Beginning with the line where "Featuring a spacious" appears, set down each line exactly until the records below end, and omit the pictures.

Records from a data collection:

┌────────

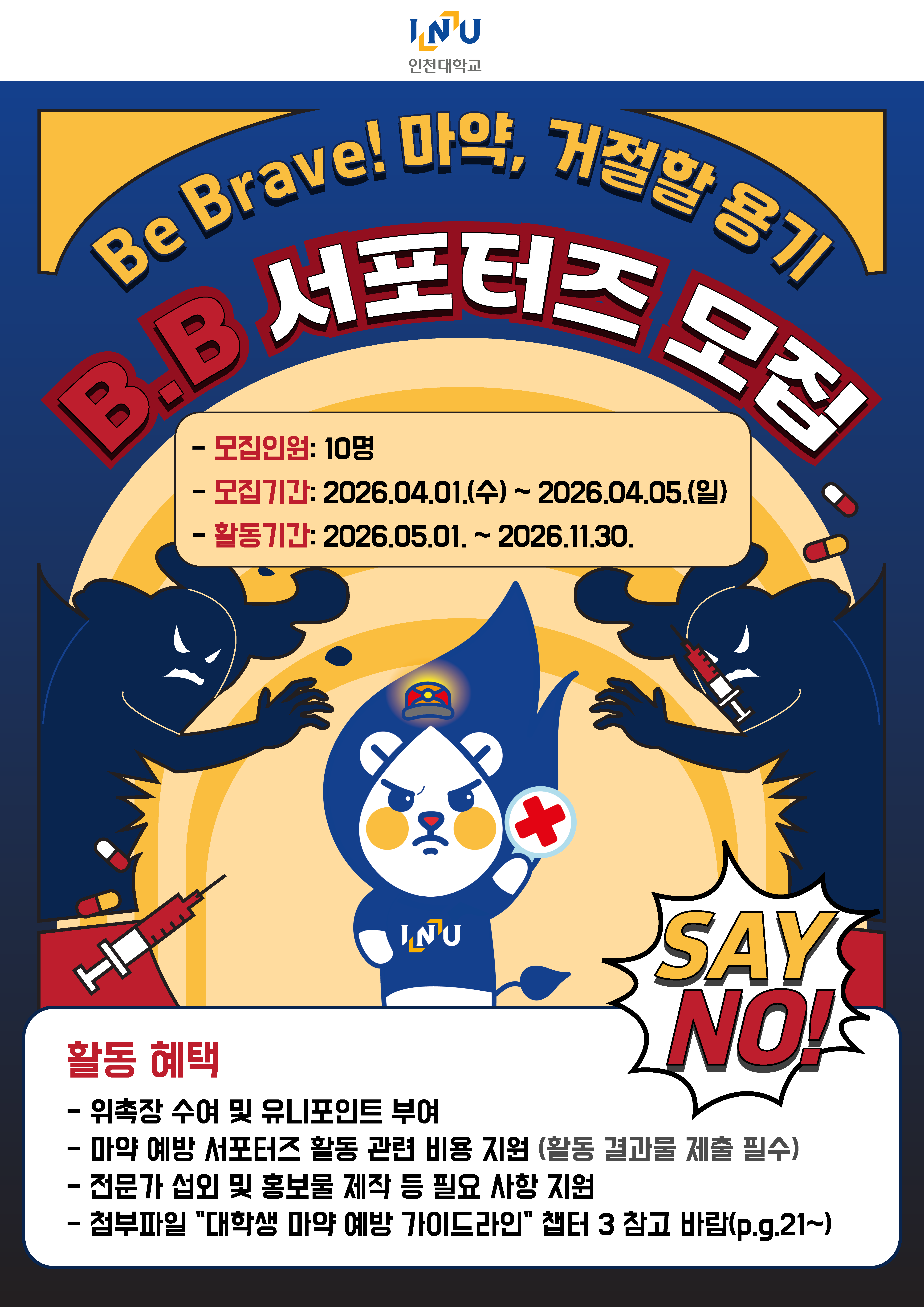 '인천대학교 마약 예방 활동단(INU B.B.서포터즈)'를 모집하고 있사오니 많은 관심 부탁드립니다.
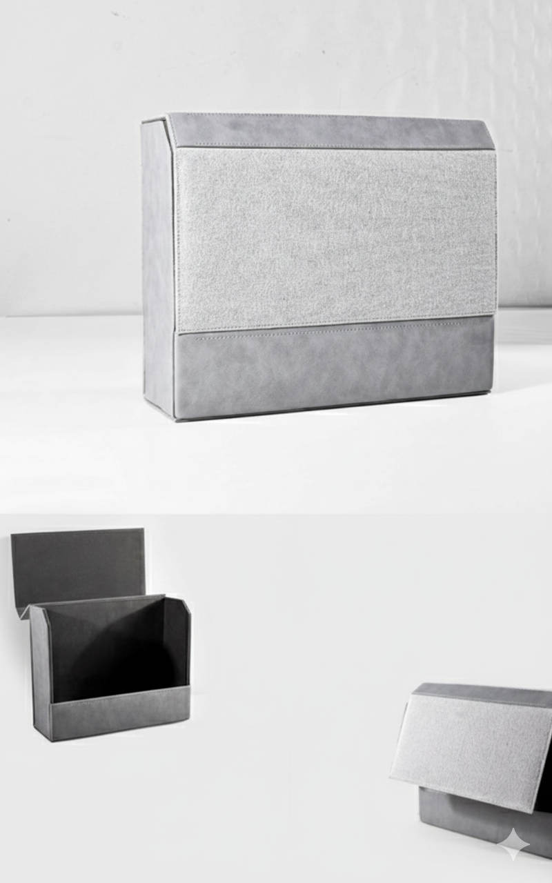Featuring a spacious interior with a foldable-look design, the box allows efficient organization of multiple items in one refined presentation. Crafted from soft gray leather blended with premium fabric, it delivers a balanced look of durability and sophistication. The magnetic closure ensures smooth handling while keeping contents securely enclosed.
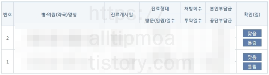 5. 바로 아래를 보시면 설정한 기간에 내가 진료받은 기록을 볼 수 있는데요. 병원, 의원, 약국의 명칭과 진료개시일, 진료형태, 처방횟수, 본인부담금, 방문일수, 투약일수, 공단부담금 조회가 가능합니다.
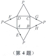 4. 如图是四棱锥的平面展开图,其中四边形ABCD为正方形,E,F,G,H分别为PA,PD,PC,PB的中点,在此几何体中,结论错误的是 (
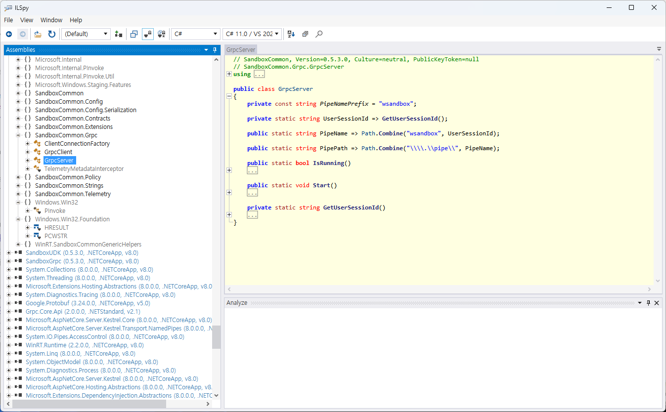 wsb.exe CLI 유틸리티가 내부적으로 어떻게 작동하는지 알고 싶어서 조금 살펴봤는데, 흥미로운 것을 찾았습니다. wsb.exe는 내부적으로 .NET Core 5로 빌드되어있는 것 같고, gRPC를 사용해서 Windows Sandbox를 제어하도록 만들어져있는 것 같네요!
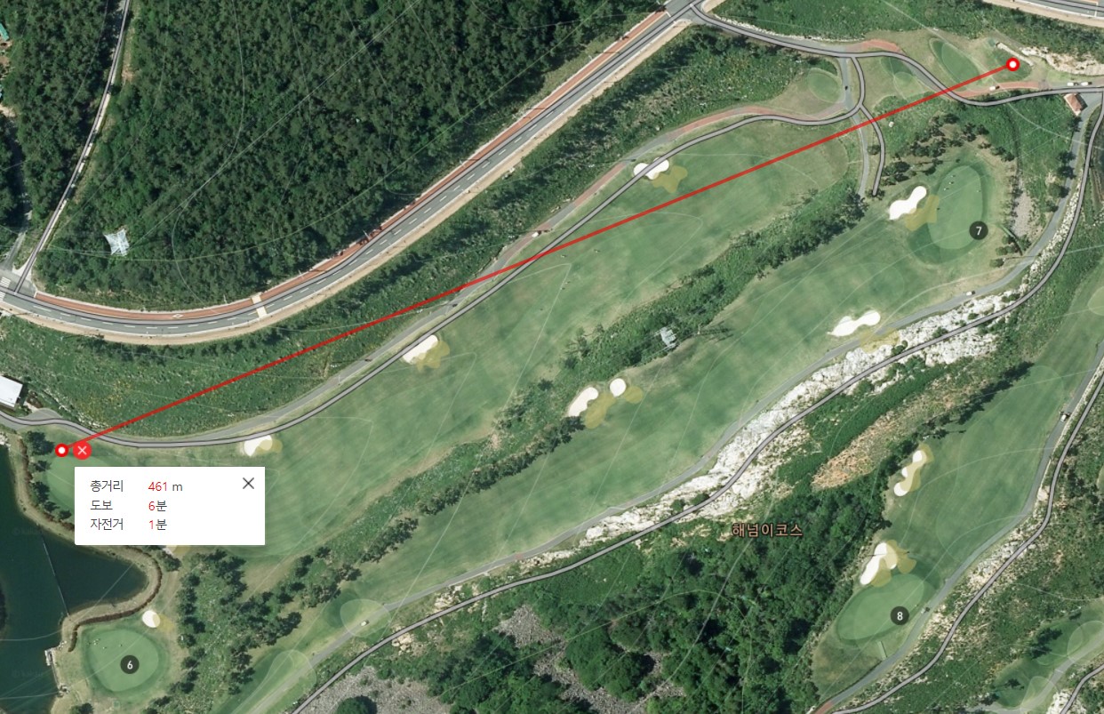 내리막 조금 짧은 파5 에서 티샷이 잘 맞아서 내리막 타고 가다가
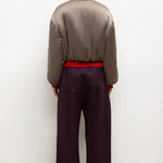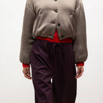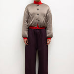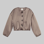 Cut in our best-selling, Japanese-crafted Barb Satin, The Barb Bomber reimagines the classic utility bomber. This collarless crop jacket features a soft poly faille, button front closure and shapely full length sleeves. Make it a matching set with any Barb style.

└────────

# [The completed task]
Featuring a spacious interior with a foldable-look design, the box allows efficient organization of multiple items in one refined presentation. Crafted from soft gray leather blended with premium fabric, it delivers a balanced look of durability and sophistication. The magnetic closure ensures smooth handling while keeping contents securely enclosed.
 5. 바로 아래를 보시면 설정한 기간에 내가 진료받은 기록을 볼 수 있는데요. 병원, 의원, 약국의 명칭과 진료개시일, 진료형태, 처방횟수, 본인부담금, 방문일수, 투약일수, 공단부담금 조회가 가능합니다.
 4. 如图是四棱锥的平面展开图,其中四边形ABCD为正方形,E,F,G,H分别为PA,PD,PC,PB的中点,在此几何体中,结论错误的是 (
 wsb.exe CLI 유틸리티가 내부적으로 어떻게 작동하는지 알고 싶어서 조금 살펴봤는데, 흥미로운 것을 찾았습니다. wsb.exe는 내부적으로 .NET Core 5로 빌드되어있는 것 같고, gRPC를 사용해서 Windows Sandbox를 제어하도록 만들어져있는 것 같네요!
 내리막 조금 짧은 파5 에서 티샷이 잘 맞아서 내리막 타고 가다가
 Cut in our best-selling, Japanese-crafted Barb Satin, The Barb Bomber reimagines the classic utility bomber. This collarless crop jacket features a soft poly faille, button front closure and shapely full length sleeves. Make it a matching set with any Barb style.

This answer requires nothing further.